Erik Skultety eskultet at redhat.com
Mon Jun 10 13:03:00 UTC 2019 

On Thu, Jun 06, 2019 at 04:51:01PM -0400, Cole Robinson wrote:
> On 6/6/19 6:00 AM, Erik Skultety wrote:
> > The data in question are 'cbitpos' denoting which addressing bit is the
> > encryption bit and 'reduced_phys_bits' denoting how many physical
> > address space we lose by turning on the encryption. Both of these are
> > hypervisor dependent and thus will be the same for all the guest
> > residing on the same host, but need to be specified for future migration
> > purposes.
> > But given we can probe them from domain capabilities, we don't need the
> > user to provide them and thus enhancing cli user experience.
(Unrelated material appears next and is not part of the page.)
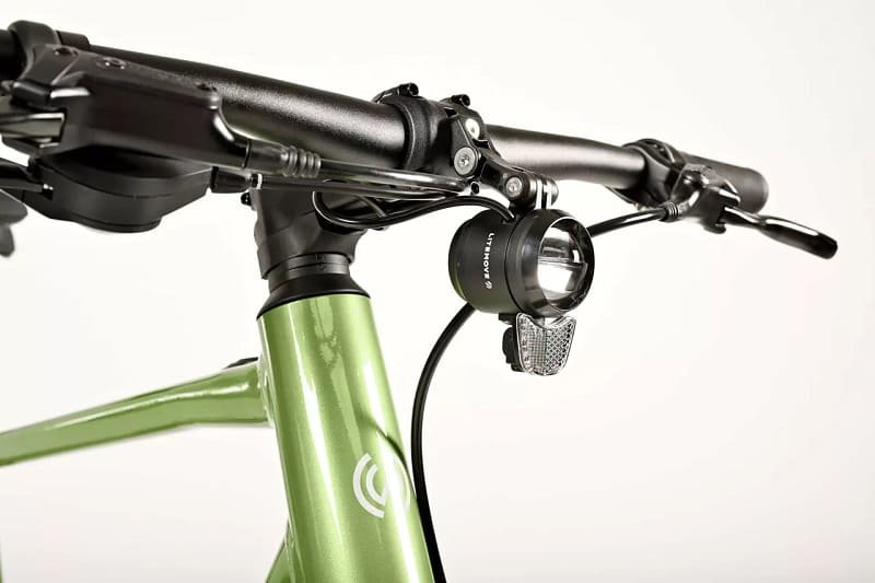 Nos vélos électriques de trekking et de ville sont équipés conformément au StVZO. Ils disposent d’un feu arrière bien visible et d’un feu avant lumineux, avec lesquels vous pouvez voyager sans soucis même sur des chemins non éclairés. Ils sont également fournis avec tous les réflecteurs nécessaires et bien sûr une cloche.

This
> > requires a new _SEV domaincapabilities XML class to be created so that
> > we can query the specific properties.
> >
> > Signed-off-by: Erik Skultety <eskultet at redhat.com>
> > ---
> >  ...irt-install-x86_64-launch-security-sev.xml | 61 +++++++++++++++++++
> >  tests/clitest.py                              |  3 +-
> >  virtinst/domain/launch_security.py            | 13 ++++
> >  virtinst/domcapabilities.py                   | 21 +++++++
> >  virtinst/guest.py                             |  7 +++
> >  5 files changed, 104 insertions(+), 1 deletion(-)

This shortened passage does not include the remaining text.